> _What needs to be done_:
Transcribe exactly, and only, the lines from the one with "تبس عجينة الكنافة" through the end of the records below, including both of those lines. Skip all pictures.
···
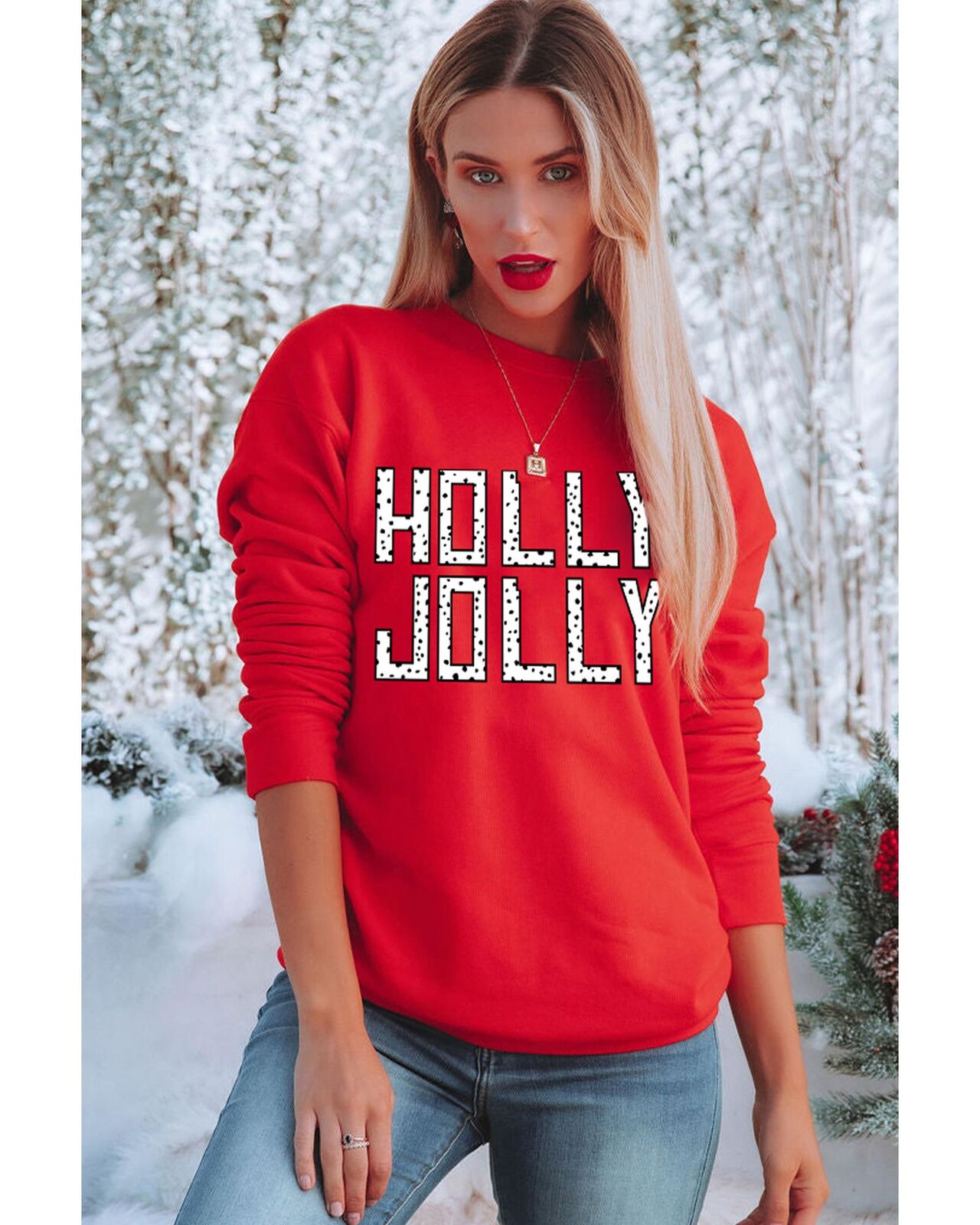• Red HOLLY JOLLY Dotty Letter Graphic Christmas Sweatshirt
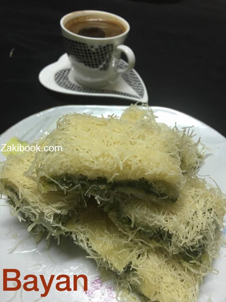 تبس عجينة الكنافة بالزبدة ويرص نصفها في صينية مدهونة بالزيت مع الرص جيدا ترش بالقليل من ماء الورد
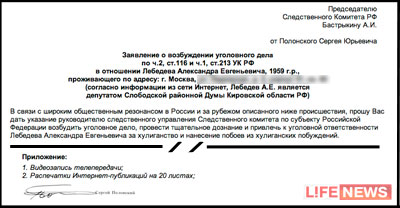 В заявлении на имя главы СКР Александра Бастрыкина Полонский просит "провести тщательное дознание и привлечь к уголовной ответственности Лебедева Александра Евгеньевича за хулиганство и нанесение побоев из хулиганских побуждений".
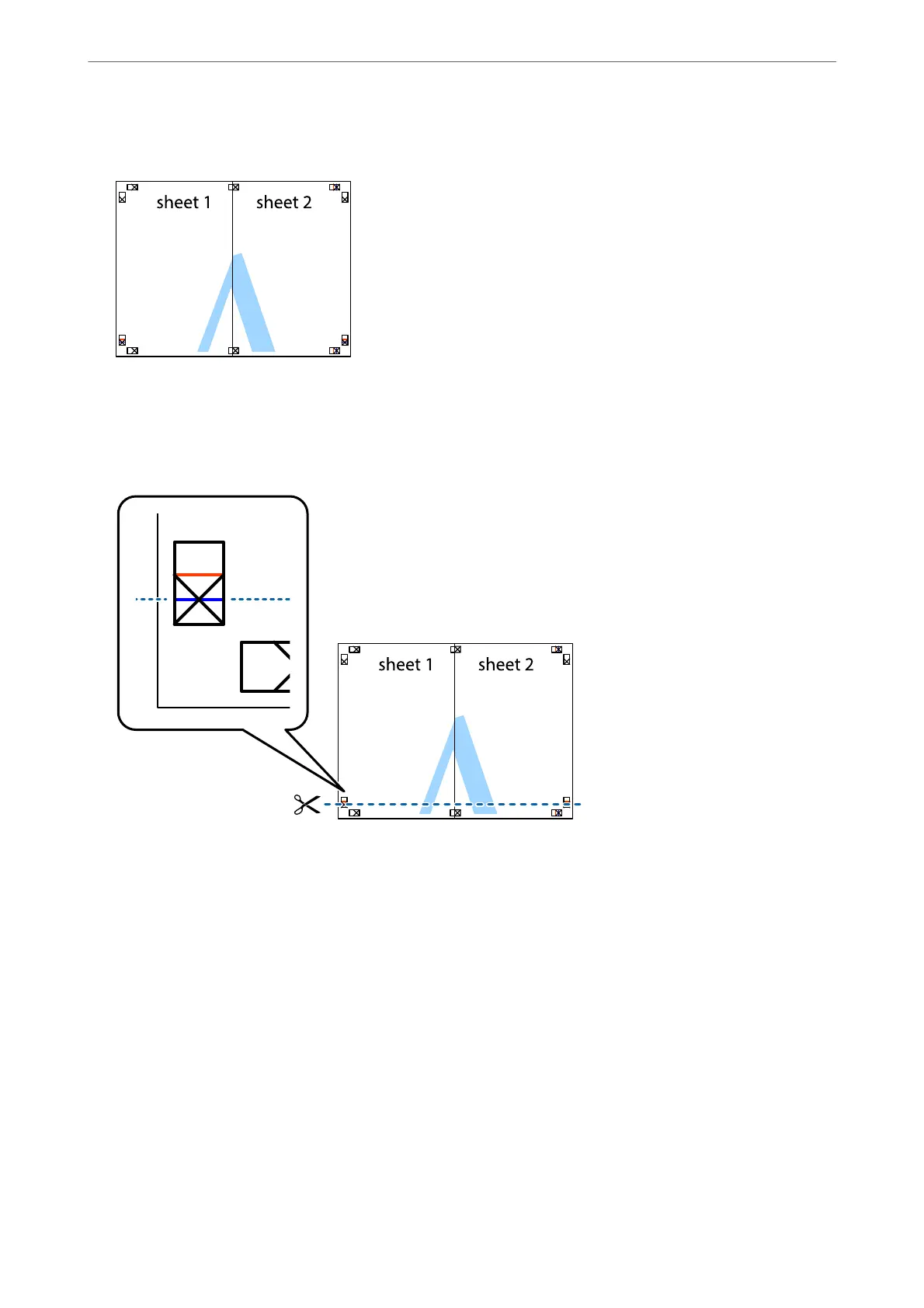 Cut o๎˜ƒ the margins of Sheet 1 and Sheet 2 along the horizontal blue line through the center of the le๎˜… and right
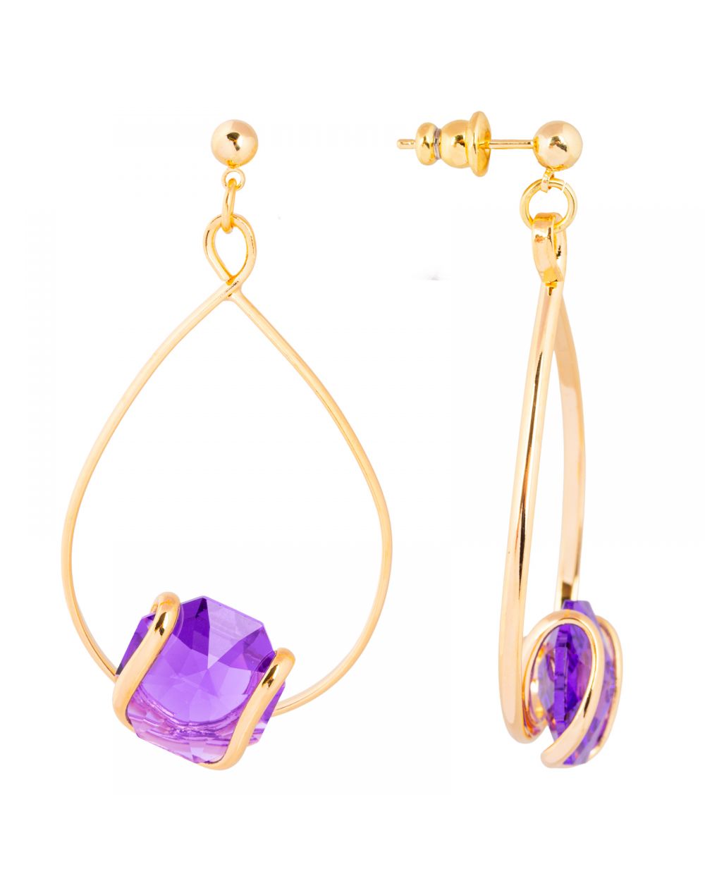 Laat je betoveren door de betoverende schittering van de Andrea Marazzini Octagon Violet Indie oorbellen , ware Italiaanse kunstwerken. Elk exemplaar is voorzien van een weelderig paars Swarovski-kristal , geslepen in een achthoek en hangend aan een 24-karaats vergulde structuur in een elegante druppelvorm.
···
> _Solution_:
 تبس عجينة الكنافة بالزبدة ويرص نصفها في صينية مدهونة بالزيت مع الرص جيدا ترش بالقليل من ماء الورد
 В заявлении на имя главы СКР Александра Бастрыкина Полонский просит "провести тщательное дознание и привлечь к уголовной ответственности Лебедева Александра Евгеньевича за хулиганство и нанесение побоев из хулиганских побуждений".
 Cut o๎˜ƒ the margins of Sheet 1 and Sheet 2 along the horizontal blue line through the center of the le๎˜… and right
 Laat je betoveren door de betoverende schittering van de Andrea Marazzini Octagon Violet Indie oorbellen , ware Italiaanse kunstwerken. Elk exemplaar is voorzien van een weelderig paars Swarovski-kristal , geslepen in een achthoek en hangend aan een 24-karaats vergulde structuur in een elegante druppelvorm.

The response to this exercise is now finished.